The technique surfaced in a supply-chain campaign documented by Socket Threat Research. Socket tracked three related worms, named Mini Shai-Hulud, Miasma, and Hades, that target bioinformatics developers and Model Context Protocol (MCP) developers through malicious npm and PyPI packages. The Hades credential stealer runs through the Bun runtime and harvests credentials.

The scale is real but worth stating precisely. As of Socket's count, the campaign spanned 471 malicious artifacts across the two registries: 411 npm artifacts spread across 106 packages, and 60 PyPI artifacts across 37 packages, including 23 newly identified PyPI package-version artifacts in this wave.
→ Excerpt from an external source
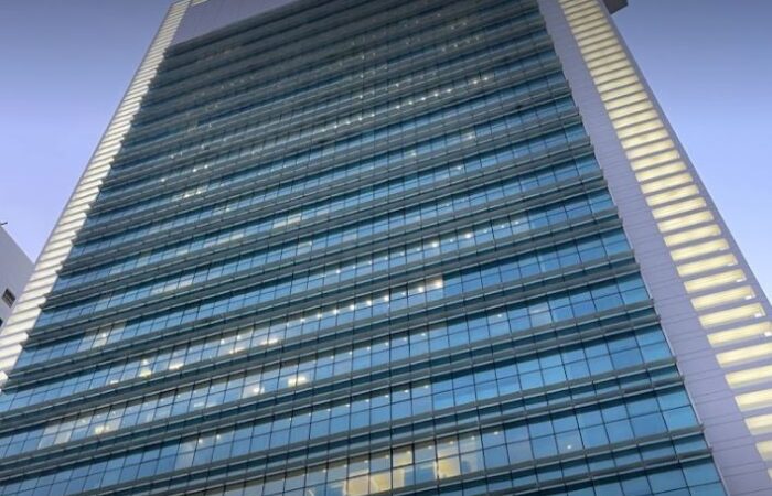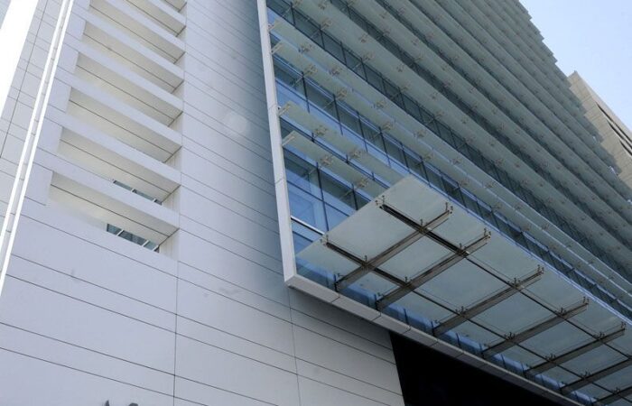 The Abu Dhabi Commercial Bank consists of twenty-five floors, mezzanine floor, double height ground floor and three basements, with a double cantilevered steel roof cladded truss with a total height of 125.00m.. This tall structure encompasses many unusual features, which clearly manifest the modern architectural concept. The primary load bearing members in this structure are: the post-tensioned floor slabs, the core walls and columns.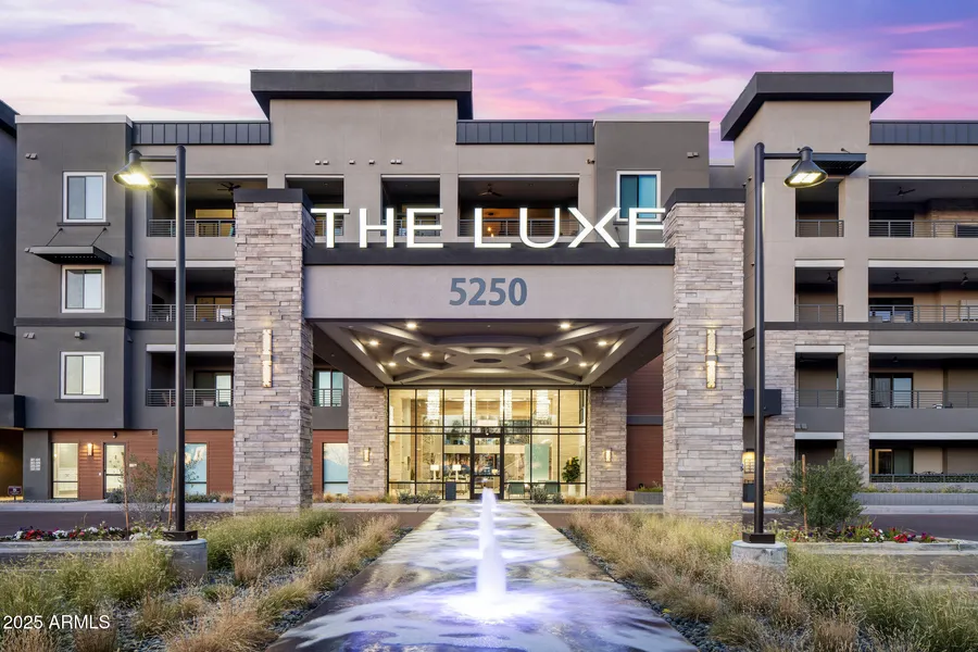 Welcome to a sophisticated lifestyle at The Luxe. This meticulously appointed third-floor center unit with stunning mountain and city views is nestled in North Phoenix's premier luxury condominium community by the desirable Desert Ridge/High Street area. Combining modern design with upscale finishes and access to five-star amenities, this Dior model offers the perfect blend of convenience, elegance, and comfort with prestige and privacy - this is The Luxe at its finest. Step inside this stunning open-concept residence and immediately feel the difference in quality. The spacious great room showcases clean architectural lines, and seamless indoor-outdoor flow with sliding glass doors that lead to a private terrace with plenty of room for entertaining, built-in BBQ and scenic views. [more] Anchoring the living space is a sleek linear fireplace providing warmth and ambiance at the touch of ...

Socket's live tracker later showed around 475. The delivery mechanics vary between reports rather than lining up cleanly: Socket notes .pth loaders and, in a newer subcluster, native-extension execution, while StepSecurity and The Hacker News describe import-hook delivery. The honest summary is that there are several loaders, not one signature vector.

The part I want to focus on is how Hades tries to slip past AI-based review. In the sample, the _index.js file opens with a roughly 99-line JavaScript block comment before any code executes. Socket describes the decoy as fake system instructions and policy-triggering content, planted to cause, in the researchers' words, "refusal behavior, prompt confusion, context pollution, or premature classification," and to "derail scanners or analyst copilots" before they reach the obfuscated payload.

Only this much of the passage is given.